Identification of subtypes for immunotherapy

To identify molecular subtypes of GBM that could benefit from immunotherapy, we calculated the Tumor Immune Dysfunction and Exclusion (TIDE) score. Initially, a cohort (registration number GSE84010) treated with Temozolomide was retrieved in the Gene Expression Omnibus (GEO, https://www.ncbi.nlm.nih.gov/geo/). The marker genes based on the subtypes were clustered according to BayesNMF implementation consensus clustering to classify the samples in GSE84010 as GBM molecular subtypes. ssGSEA was implemented again to verify the reproducibility of the subtypes. The TIDE scores of the TCGA cohort samples were then obtained from the Tumor Immune Dysfunction and Exclusion website (http://tide.dfci.harvard.edu/) to compare the differences in TIDE scores among subtypes, with lower TIDE scores representing greater benefit from immunotherapy33. CIBERSORT is a tool for deconvoluting the expression matrix of 22 human immune cell subtypes based on the principle of linear support vector regression34. The proportion of immune cells in the TCGA-GBM cohort was computed by CIBERSORT assessment.

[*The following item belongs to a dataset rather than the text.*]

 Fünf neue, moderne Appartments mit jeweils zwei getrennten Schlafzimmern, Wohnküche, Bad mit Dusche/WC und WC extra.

Construction of subtype prediction model

The protein data from TCGA-GBM cohort and TCPA were used to divide samples into training set data and test set data according to 8:2. The model was constructed by the LASSO logistic regression model. The glmnet package35 was installed in R. The cv.glmnet() function was called to construct the LASSO logistic regression model with marker genes, and the model with the minimum prediction error rate was selected by choosing the optimal lambda value.

Cell culture

The GBM cell line U87 and the normal cell line HEB were obtained from ATCC. Cells should be cultured at 37 °C and 5% CO2 using Dulbecco's Modified Eagle Medium (DMEM) medium (from Gibco) with 10% fetal bovine serum, 1% glutamine, and 1% antibiotic/antifungal solution.

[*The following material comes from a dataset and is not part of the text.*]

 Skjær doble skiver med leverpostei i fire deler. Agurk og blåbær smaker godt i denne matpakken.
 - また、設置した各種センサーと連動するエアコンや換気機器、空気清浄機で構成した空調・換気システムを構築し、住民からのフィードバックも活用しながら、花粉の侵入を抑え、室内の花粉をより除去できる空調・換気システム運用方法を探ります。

Quantitative real-time polymerase chain reaction (qRT-PCR)

Total RNA was extracted using Trizol reagent (Invitrogen). Total RNA was reverse transcribed to cDNA by Takara PrimeScript™ RT Reagent Kit and following its instructions. Subsequently, Takara TB Green™ Premix Ex Taq™ II instructions were used in order to perform a qRT-PCR reaction with the following reaction conditions: pre-denaturation at 95 °C for 30 s and 40 cycles (95 °C for 5 s and 60 °C for 30 s). Finally, the 2-ΔΔCt method was used to calculate the relative expression of the target genes with GAPDH as the internal reference gene. The primer sequences of the target gene were as follows: CDAN1: GCAGGATCAACCCAACTCCG (F), and CTCGCTCCTCTTGCAGACTTC (R); UBE2M: ATGAGGGCTTCTACAAGAGTGG (F), and ATTGTCTCACACTTCACCTTGG (R).

Statistical analysis

Statistical analyses in this study were conducted by R software (version: 4.1.0). The bilateral Wilcoxon rank sum test and chi-square test were chosen. All analyses were considered statistically significant at P < 0.05.

Results

Four novel molecular subtypes in GBM classified at the genomic level

To make it easier to understand the flow of this study, we have produced Supplementary Fig. 1. In this study, we aimed to classify novel molecular subtypes in GBM at the genomic level using a consensus clustering approach based on BayesNMF (Supplementary Table 1). Our findings indicated the existence of four novel molecular subtypes (S1, S2, S3, and S4) (Fig. 1A). To further explore the properties of the molecular subtypes, we compared the differences between the subtypes (Proneural, Neural, Mesenchymal, Classical) with that of Verhaak et al.19. The classification by Verhaak et al. provided the basis and perspective for molecular classification of GBM, but the study by wan et al. demonstrated that the original Verhaak 840 gene set was unable to robustly cluster the larger cohorts now available on different platforms36. It was observed that 46.2% of the samples in S1 were the Neural subtype, 82.8% of the samples in S2 were the Proneural subtype, 74% of the samples in S3 were the Mesenchymal subtype, and 57.9% of the samples in S4 were the Classical subtype. Furthermore, S2 was closely related to Proneural and S3 was closely related to Mesenchymal subtypes, with 70.6% of Proneural mapping to S2 and 66.1% of Mesenchymal subtypes mapping to S3 (Fig. 1B). These results indicate that our classification of GBM is highly consistent with previous classifications, with each subtype associated with specific phenotype.

Figure 1
figure 1

Four novel GBM molecular subtypes. (A): Heat map of marker genes expression in GBM subtypes. (B): Comparison of four novel GBM molecular subtypes with Proneural, Neural, Classical, and Mesenchymal subtypes. And the number in each box represents the sample number, and the percentage in the middle refers to the proportion of the sample in all samples; The percentage on the right is the proportion of samples of the corresponding subtype in the whole row; The lower percentage is the proportion of samples of the corresponding subtype in the whole column.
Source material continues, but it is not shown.